Lecture 24: Early Trademark Systems

[Music] What are the origins of trademarks? Scholars of antiquity credit Early Bronze
Age potters with creating the world’s first trademarks by imprinting their works with
distinctive markings. We assume that these marks were meant to indicate
the origin of a particular work or the identity of its craftsman, but the historical record
is not conclusive on this point. However, an examination of the potters’

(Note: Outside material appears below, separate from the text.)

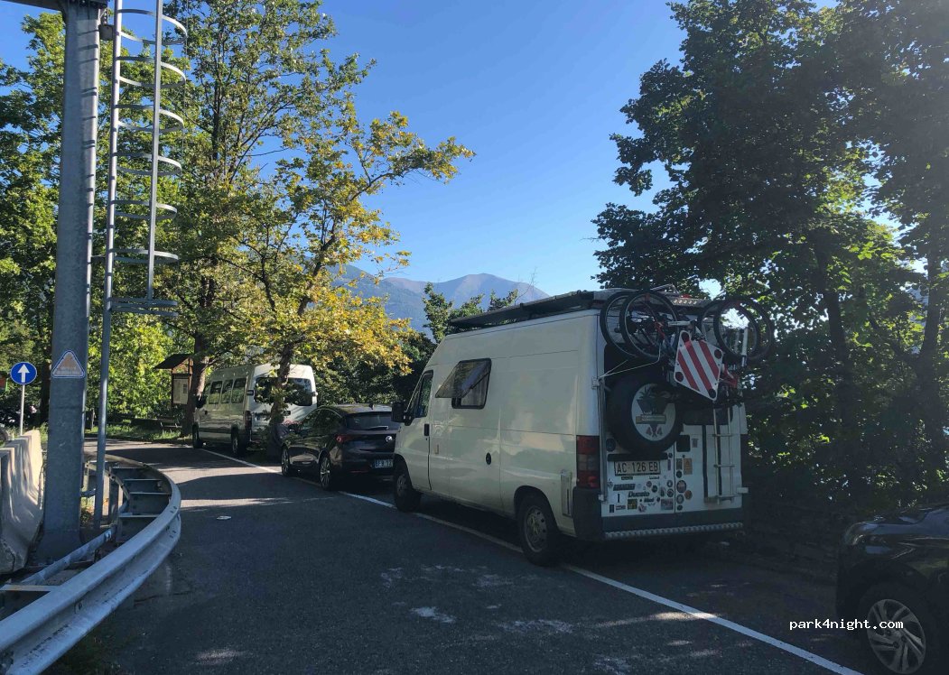 Petite aire de stationnement à côté de la route principale pour environ 4/5 véhicules. La route est assez fréquentée pendant la journée mais calme la nuit. Vues décentes sur le lac et une poubelle fournie !

seals found on Corinthian artifacts dating to 2000 BC suggests this is a reasonable supposition. Trade and commerce between early civilizations
of that era were expanding rapidly, and in order to be mutually beneficial, trade requires
a certain amount of trust in the provenance and quality of goods. These early potters’ trademarks seemed to
have served that purpose by distinguishing the goods of quality craftsmen from those
of unknown or uncertain sources. Trademarks have always been inextricably bound
up with commerce. And as commerce grew and developed over the
centuries, so did the use of trademarks. Marks have been found, for example, on works
ranging from Egyptian pots to the swords of Roman blacksmiths. But trademark use really expanded with the
emergence of powerful craft guilds in the medieval period. Their marks identified a work as being made
by a particular guild or member of that guild, and therefore continued the long tradition
of identifying the origin of goods, but medieval trademarks also served other functions. They became a means by which guilds could
control the quality of work of fellow guild members. Because of a trademark’s association with
quality, they also became a source of competitive advantage in the market. Trademarks thus began to acquire something
similar to the existential “moral rights” found in later copyright statutes—for example,
the right of a creator to defend the quality, originality, and “personality” of his
or her work. Trademark use in medieval times also acquired
a public interest function. As Arthur R. Miller and Michael H. Davis note
in Intellectual Property: Patents, Trademarks, and Copyright in a Nutshell, “Statutes dating
back as early as the thirteenth century show that [trademark] was eventually recognized
as having social consequence. These statutes were meant to protect the public
by preventing the sale of unidentified goods whose quality could not be ascertained.” One notable trademark from the time was that
of Löwenbräu Brewery, which claims to have used its lion mark since its founding in 1383. Early Trademark Cases The first reported trademark case in Anglo-American
law was once considered to be Southern v. How, which was decided in 1618. Ironically, the case did not involve a trademark,
but rather, the sale of counterfeit jewels. Its connection to trademark came from a reference
by the presiding judge to an earlier, unnamed, and unreported case in 1584 involving a suit
brought by a cloth maker against another cloth maker who had used his mark. That earlier clothier case, only recently
discovered and now known as Sanforth’s Case, is now held to be the earliest reported trademark
case in Anglo-American law. It establishes beyond a doubt that even 250
years before the Industrial Revolution, trademark infringement was viewed as a tort of deceit
and a violation of the laws against unfair competition. A contemporary legal report described Sanforth’s
Case: “The action upon the case was brought in
the [Court of] Common Pleas by a clothier, that whereupon he had gained great reputation
for his making of his cloth … to his benefit and profit, and that he used to set his mark
on his cloth whereby it should be known to be his cloth; and another clothier, observing
it, used the same mark to his ill-made cloth [in order] to deceive him.” In the more than four centuries since then,
commerce and industry have evolved into an $80 trillion a year global marketplace, a
development unimaginable to the people of Sanforth’s Case time. Nevertheless, Sanforth’s verdict – that
trademark infringement is unfair competition, and that it demands redress – still serves
as the foundation and wellspring of worldwide trademark policies and statutes today.